Uploading 9a1609bec129 /tmp/signature.txt
Uploaded  9a1609bec129 /tmp/signature.txt
Attached to [registry] localhost:5000/pastis-2433@sha256:8e05221fa48d22d6426877032b20e3dd5f5f06913c5435031c0eabf463265059
Digest: sha256:b40af5bd6983a050a2438d5b0df79b478f92c72c5c034b5421bc6504fe3100e2
Signature attached as referrer.
1 referrer(s) discovered:
  [0] Digest: sha256:b40af5bd6983a050a2438d5b0df79b478f92c72c5c034b5421bc6504fe3100e2 | Type: application/vnd.oci.artifact.signature.v1+text

Fetching referrer artifact with digest: sha256:b40af5bd6983a050a2438d5b0df79b478f92c72c5c034b5421bc6504fe3100e2

Contents of the referrer artifact (/tmp/referrer_signature.txt):

{"schemaVersion":2,"mediaType":"application/vnd.oci.image.manifest.v1+json","artifactType":"application/vnd.oci.artifact.signature.v1+text","config":{"mediaType":"application/vnd.oci.empty.v1+json","digest":"sha256:44136fa355b3678a1146ad16f7e8649e94fb4fc21fe77e8310c060f61caaff8a","size":2,"data":"e30="},"layers":[{"mediaType":"text/plain","digest":"sha256:9a1609bec129e04afd360f0b7f7da0d10a0136280bd3d79f6389e66eb86156f7","size":108,"annotations":{"org.opencontainers.image.title":"/tmp/signature.txt"}}],"subject":{"mediaType":"application/vnd.oci.image.manifest.v1+json","digest":"sha256:8e05221fa48d22d6426877032b20e3dd5f5f06913c5435031c0eabf463265059","size":1037},"annotations":{"org.opencontainers.image.created":"2025-05-18T18:33:34Z"}}

Remarks and Discussion on the Benchmark

  • All benchmarks were conducted either locally or on OVHCloud compute instances located in the Frankfurt (DE1) region.

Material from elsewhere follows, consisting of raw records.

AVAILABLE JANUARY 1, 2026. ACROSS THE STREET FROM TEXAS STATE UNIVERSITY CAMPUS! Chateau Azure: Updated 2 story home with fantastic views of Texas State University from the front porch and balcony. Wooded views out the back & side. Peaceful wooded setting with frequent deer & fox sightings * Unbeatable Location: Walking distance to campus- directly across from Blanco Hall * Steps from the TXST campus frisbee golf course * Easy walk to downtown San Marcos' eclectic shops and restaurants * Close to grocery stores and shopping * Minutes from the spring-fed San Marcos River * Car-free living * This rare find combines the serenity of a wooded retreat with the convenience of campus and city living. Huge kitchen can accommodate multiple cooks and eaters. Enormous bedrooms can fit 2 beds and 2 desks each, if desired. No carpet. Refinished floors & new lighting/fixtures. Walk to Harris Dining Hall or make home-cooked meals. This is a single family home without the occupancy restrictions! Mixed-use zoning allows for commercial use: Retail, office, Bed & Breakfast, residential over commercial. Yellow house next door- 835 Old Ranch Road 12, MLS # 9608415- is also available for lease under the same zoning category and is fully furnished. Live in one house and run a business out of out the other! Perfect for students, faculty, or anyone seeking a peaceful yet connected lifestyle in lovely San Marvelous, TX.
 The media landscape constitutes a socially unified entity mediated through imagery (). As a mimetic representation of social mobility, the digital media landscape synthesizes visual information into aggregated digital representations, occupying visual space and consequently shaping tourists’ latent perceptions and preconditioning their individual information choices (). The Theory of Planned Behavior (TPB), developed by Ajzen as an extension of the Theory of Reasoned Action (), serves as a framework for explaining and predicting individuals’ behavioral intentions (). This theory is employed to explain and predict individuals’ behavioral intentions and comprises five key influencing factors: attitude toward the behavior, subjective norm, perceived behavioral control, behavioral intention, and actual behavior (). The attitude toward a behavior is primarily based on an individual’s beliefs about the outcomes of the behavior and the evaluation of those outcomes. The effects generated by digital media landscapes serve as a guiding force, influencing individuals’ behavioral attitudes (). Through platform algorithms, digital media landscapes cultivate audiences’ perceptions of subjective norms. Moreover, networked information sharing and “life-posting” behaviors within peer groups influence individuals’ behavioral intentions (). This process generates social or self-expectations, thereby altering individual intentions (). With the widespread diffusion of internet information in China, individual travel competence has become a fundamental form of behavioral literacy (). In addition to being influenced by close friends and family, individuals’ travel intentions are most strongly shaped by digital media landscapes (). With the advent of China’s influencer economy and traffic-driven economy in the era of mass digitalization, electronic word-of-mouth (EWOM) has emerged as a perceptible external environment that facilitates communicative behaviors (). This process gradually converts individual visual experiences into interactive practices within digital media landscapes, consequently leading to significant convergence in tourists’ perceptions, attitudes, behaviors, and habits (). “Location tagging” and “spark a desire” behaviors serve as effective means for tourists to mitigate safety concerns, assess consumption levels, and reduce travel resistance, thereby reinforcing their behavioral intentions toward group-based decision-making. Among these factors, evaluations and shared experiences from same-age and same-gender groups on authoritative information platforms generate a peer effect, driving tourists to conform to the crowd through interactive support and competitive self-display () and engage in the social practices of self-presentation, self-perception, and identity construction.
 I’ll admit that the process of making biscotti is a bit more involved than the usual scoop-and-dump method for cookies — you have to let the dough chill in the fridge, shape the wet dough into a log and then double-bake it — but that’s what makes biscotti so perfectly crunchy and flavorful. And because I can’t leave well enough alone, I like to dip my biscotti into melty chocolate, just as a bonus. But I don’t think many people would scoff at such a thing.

  • We used the Apache HTTP server benchmarking tool (ab) to explore different upload and download scenarios. These tests were exploratory rather than systematic, primarily due to cost constraints. Managed services like Docker Hub and Quay were only evaluated under their free-tier plans, which impose rate limits and size restrictions. For private registries, we remained within the lowest pricing tier. To avoid local caching side effects, we sandboxed some test runs in Docker containers using the ab tool, for example:

    docker run --rm -it \
      -v "$(pwd)/output:/workspace" \
      -w /workspace \
      ghcr.io/oras-project/oras:v1.2.2 \
      pull --allow-path-traversal docker.io/versioneer/pastis-2433:sample
  • We intentionally did not test extreme scenarios, such as multi-100 GB artifacts, very large individual layers, or artifacts with thousands of layers. These cases were outside the scope of our study, which focused on evaluating data packaging workflows using plausible and representative package sizes. This choice is discussed further in the paper.

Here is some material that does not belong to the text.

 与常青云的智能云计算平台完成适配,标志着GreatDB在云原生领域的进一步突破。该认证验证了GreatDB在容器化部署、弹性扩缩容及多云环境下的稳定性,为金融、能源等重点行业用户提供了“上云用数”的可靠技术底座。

  • Deduplication was tested by uploading a small sample package first, followed by a full package. In all cases, the three shared layers from the sample were correctly reported as already existing and were not re-uploaded.

  • Upload and download resumability was also evaluated. We found that only fully completed layers were eligible for resumption. Partially transferred layers were treated as failed and had to be restarted from the beginning.

  • The sample package includes both custom annotations and non-standard media types. We confirmed that these were retained by the tested OCI-compliant registries.